BEGIN Material provided
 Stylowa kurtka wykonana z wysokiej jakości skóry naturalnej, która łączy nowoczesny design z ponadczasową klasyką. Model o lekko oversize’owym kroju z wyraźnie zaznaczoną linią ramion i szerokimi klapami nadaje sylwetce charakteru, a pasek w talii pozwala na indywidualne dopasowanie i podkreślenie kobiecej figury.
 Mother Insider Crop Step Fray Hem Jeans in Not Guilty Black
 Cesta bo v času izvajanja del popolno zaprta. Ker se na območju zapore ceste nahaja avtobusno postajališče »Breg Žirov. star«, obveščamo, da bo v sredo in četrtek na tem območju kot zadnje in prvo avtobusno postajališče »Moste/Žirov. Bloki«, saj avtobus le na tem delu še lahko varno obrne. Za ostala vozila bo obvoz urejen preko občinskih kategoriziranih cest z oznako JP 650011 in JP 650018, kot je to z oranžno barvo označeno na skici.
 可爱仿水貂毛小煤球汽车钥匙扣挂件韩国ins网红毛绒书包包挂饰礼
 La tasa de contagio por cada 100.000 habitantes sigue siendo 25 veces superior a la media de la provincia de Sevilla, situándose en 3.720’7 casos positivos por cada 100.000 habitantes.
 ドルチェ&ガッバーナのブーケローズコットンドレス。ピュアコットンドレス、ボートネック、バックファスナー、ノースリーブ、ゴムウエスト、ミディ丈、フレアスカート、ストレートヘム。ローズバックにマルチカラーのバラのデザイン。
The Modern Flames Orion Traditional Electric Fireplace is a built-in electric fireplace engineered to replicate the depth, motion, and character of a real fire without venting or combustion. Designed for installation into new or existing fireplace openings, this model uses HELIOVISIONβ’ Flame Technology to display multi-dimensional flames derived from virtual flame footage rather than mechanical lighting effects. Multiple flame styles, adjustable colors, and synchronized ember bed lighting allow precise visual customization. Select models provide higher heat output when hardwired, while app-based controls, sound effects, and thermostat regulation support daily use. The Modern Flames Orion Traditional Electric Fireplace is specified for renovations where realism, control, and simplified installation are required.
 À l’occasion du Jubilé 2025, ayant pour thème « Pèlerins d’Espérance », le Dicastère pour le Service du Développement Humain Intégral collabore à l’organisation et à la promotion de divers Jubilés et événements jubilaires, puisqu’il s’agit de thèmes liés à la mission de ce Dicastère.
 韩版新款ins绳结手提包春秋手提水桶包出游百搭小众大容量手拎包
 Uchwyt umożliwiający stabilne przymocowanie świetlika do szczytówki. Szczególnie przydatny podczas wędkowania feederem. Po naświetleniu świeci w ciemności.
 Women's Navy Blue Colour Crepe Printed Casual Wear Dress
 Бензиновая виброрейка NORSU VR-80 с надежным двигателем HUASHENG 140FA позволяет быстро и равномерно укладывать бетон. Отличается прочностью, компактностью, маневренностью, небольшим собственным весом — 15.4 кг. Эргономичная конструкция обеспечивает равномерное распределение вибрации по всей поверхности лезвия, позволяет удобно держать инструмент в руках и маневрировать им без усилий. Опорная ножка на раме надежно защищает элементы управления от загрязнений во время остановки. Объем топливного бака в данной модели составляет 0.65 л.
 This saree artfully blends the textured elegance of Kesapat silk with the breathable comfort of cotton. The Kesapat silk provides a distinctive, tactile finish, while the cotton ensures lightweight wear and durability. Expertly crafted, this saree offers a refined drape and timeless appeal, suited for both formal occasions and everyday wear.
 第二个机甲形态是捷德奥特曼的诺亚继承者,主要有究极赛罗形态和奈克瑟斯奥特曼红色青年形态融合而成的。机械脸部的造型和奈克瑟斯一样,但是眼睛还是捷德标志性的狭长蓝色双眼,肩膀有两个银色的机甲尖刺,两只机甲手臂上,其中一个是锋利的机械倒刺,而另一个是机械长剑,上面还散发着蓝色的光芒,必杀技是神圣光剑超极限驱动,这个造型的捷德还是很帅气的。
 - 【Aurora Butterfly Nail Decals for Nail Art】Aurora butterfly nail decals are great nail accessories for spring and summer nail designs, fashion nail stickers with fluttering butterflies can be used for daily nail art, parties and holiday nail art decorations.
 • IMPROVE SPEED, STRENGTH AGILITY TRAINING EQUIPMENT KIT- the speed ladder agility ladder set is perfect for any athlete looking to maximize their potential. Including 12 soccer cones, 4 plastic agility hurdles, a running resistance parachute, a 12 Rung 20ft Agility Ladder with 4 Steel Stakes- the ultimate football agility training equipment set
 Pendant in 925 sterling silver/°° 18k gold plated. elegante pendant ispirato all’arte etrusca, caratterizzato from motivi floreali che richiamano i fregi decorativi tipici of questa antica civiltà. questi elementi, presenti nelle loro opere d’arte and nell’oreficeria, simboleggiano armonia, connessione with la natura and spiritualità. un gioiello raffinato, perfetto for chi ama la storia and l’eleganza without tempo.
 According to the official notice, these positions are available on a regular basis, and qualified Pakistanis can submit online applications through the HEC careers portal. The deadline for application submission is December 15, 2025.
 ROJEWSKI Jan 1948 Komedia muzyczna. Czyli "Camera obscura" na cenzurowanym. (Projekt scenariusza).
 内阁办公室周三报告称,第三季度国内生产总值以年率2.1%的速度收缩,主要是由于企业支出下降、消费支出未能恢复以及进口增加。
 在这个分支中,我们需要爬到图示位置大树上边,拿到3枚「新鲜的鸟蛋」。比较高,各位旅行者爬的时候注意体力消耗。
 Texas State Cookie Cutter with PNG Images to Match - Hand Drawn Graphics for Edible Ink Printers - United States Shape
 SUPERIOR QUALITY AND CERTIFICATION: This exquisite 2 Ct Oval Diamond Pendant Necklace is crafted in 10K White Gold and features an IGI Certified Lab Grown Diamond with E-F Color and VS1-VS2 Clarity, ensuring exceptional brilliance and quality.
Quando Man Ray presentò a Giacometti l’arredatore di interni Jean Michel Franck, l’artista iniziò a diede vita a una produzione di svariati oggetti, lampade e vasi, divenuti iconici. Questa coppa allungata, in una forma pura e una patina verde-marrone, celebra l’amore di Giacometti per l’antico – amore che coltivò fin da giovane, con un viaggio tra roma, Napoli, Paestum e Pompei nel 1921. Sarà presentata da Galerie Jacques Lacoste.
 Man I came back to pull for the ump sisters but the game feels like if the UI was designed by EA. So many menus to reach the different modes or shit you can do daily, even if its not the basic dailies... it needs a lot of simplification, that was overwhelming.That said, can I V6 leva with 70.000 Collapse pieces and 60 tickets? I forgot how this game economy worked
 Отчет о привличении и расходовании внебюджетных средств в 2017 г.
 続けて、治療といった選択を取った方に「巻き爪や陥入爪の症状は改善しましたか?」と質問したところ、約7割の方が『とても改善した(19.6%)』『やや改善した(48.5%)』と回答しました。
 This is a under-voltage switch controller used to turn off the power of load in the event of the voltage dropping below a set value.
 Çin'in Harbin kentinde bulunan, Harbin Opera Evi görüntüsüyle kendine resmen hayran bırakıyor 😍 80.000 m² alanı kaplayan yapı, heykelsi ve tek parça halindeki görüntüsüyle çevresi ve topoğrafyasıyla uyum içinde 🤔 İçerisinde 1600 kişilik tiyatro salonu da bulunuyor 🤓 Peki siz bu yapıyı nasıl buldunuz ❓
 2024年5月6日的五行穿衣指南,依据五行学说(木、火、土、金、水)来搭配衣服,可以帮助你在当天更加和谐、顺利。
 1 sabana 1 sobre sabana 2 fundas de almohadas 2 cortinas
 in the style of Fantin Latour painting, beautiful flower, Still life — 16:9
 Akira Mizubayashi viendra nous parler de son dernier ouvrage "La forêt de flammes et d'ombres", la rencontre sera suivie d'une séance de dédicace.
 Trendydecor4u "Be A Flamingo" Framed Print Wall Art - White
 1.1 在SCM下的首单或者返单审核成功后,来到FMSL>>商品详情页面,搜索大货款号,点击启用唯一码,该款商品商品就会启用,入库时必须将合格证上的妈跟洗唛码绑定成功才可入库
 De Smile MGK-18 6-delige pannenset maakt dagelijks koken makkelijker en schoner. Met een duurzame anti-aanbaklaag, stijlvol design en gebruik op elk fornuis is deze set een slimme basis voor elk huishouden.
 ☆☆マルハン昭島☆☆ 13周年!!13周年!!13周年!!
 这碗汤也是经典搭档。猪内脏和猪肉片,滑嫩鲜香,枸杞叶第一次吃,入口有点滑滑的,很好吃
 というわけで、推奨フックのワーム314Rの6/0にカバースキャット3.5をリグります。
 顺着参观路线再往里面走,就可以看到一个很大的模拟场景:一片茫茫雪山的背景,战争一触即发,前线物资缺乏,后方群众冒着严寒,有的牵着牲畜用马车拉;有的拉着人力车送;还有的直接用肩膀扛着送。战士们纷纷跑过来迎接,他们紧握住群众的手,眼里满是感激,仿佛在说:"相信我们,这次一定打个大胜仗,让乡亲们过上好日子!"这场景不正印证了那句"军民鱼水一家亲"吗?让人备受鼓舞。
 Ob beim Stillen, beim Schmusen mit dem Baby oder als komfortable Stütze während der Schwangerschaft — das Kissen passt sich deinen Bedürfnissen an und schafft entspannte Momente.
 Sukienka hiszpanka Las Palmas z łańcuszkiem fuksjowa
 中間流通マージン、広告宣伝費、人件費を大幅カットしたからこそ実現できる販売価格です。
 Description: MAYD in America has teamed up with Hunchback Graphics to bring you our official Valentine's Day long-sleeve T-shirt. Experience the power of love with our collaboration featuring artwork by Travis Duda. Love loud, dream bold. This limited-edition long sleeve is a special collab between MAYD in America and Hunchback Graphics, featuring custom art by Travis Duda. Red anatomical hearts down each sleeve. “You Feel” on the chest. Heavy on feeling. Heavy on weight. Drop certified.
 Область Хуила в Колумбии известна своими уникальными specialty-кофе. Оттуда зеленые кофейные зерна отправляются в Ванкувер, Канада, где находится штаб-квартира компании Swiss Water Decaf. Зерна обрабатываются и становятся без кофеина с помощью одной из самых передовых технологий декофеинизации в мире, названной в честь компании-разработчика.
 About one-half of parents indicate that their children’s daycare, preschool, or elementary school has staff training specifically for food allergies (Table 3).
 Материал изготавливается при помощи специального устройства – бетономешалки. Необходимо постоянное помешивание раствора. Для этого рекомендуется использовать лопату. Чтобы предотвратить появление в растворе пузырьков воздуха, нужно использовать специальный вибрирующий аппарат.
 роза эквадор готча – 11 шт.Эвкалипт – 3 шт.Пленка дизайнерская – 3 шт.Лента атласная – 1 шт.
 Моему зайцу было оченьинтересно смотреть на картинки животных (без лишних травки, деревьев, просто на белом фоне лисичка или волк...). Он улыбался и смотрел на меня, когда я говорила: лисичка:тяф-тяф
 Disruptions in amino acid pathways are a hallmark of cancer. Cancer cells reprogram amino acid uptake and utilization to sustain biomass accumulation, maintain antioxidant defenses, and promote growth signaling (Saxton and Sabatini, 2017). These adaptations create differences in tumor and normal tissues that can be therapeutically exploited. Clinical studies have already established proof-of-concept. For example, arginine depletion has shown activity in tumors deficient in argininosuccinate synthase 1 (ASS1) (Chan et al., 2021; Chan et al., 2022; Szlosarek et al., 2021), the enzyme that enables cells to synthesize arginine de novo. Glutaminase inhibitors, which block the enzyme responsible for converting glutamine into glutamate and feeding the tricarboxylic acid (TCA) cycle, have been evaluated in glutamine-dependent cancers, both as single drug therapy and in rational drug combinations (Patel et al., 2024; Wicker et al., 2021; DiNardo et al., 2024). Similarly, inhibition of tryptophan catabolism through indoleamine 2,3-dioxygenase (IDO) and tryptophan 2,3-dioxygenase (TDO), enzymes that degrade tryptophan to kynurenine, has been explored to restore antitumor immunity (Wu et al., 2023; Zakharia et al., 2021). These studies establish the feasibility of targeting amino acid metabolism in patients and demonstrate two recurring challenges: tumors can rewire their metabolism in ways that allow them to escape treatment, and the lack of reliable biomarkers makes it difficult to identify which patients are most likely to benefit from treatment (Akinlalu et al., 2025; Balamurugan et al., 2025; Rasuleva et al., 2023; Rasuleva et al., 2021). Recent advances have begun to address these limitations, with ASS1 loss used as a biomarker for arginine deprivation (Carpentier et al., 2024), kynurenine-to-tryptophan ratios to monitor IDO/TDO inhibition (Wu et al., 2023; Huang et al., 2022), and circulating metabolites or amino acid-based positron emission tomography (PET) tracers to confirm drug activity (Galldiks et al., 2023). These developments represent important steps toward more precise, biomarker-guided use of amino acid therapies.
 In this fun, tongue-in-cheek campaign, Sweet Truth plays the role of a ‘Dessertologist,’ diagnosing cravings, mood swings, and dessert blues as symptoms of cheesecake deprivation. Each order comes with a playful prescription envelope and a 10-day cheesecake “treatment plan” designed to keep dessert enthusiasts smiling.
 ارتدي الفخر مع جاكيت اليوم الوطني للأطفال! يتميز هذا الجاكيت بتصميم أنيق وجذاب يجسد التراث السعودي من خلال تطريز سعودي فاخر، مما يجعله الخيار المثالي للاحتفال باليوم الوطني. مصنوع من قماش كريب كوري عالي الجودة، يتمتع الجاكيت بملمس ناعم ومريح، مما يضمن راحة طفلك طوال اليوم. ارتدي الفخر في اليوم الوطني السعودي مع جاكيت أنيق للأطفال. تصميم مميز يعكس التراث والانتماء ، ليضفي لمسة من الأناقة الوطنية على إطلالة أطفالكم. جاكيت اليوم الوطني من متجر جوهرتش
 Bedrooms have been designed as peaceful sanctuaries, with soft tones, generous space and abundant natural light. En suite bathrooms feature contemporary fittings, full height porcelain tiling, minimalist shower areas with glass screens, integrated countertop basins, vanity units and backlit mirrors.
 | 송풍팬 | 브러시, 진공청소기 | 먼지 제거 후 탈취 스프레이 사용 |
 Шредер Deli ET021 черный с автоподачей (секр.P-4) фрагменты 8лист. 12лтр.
END Material provided
What to produce:
Set down the lines of the listing word for word, from its first line through the line containing "The Modern Flames Orion Traditional Electric Fireplace is a". Both of those lines belong in the answer, and no others do.

Completed task:
 Stylowa kurtka wykonana z wysokiej jakości skóry naturalnej, która łączy nowoczesny design z ponadczasową klasyką. Model o lekko oversize’owym kroju z wyraźnie zaznaczoną linią ramion i szerokimi klapami nadaje sylwetce charakteru, a pasek w talii pozwala na indywidualne dopasowanie i podkreślenie kobiecej figury.
 Mother Insider Crop Step Fray Hem Jeans in Not Guilty Black
 Cesta bo v času izvajanja del popolno zaprta. Ker se na območju zapore ceste nahaja avtobusno postajališče »Breg Žirov. star«, obveščamo, da bo v sredo in četrtek na tem območju kot zadnje in prvo avtobusno postajališče »Moste/Žirov. Bloki«, saj avtobus le na tem delu še lahko varno obrne. Za ostala vozila bo obvoz urejen preko občinskih kategoriziranih cest z oznako JP 650011 in JP 650018, kot je to z oranžno barvo označeno na skici.
 可爱仿水貂毛小煤球汽车钥匙扣挂件韩国ins网红毛绒书包包挂饰礼
 La tasa de contagio por cada 100.000 habitantes sigue siendo 25 veces superior a la media de la provincia de Sevilla, situándose en 3.720’7 casos positivos por cada 100.000 habitantes.
 ドルチェ&ガッバーナのブーケローズコットンドレス。ピュアコットンドレス、ボートネック、バックファスナー、ノースリーブ、ゴムウエスト、ミディ丈、フレアスカート、ストレートヘム。ローズバックにマルチカラーのバラのデザイン。
The Modern Flames Orion Traditional Electric Fireplace is a built-in electric fireplace engineered to replicate the depth, motion, and character of a real fire without venting or combustion. Designed for installation into new or existing fireplace openings, this model uses HELIOVISIONβ’ Flame Technology to display multi-dimensional flames derived from virtual flame footage rather than mechanical lighting effects. Multiple flame styles, adjustable colors, and synchronized ember bed lighting allow precise visual customization. Select models provide higher heat output when hardwired, while app-based controls, sound effects, and thermostat regulation support daily use. The Modern Flames Orion Traditional Electric Fireplace is specified for renovations where realism, control, and simplified installation are required.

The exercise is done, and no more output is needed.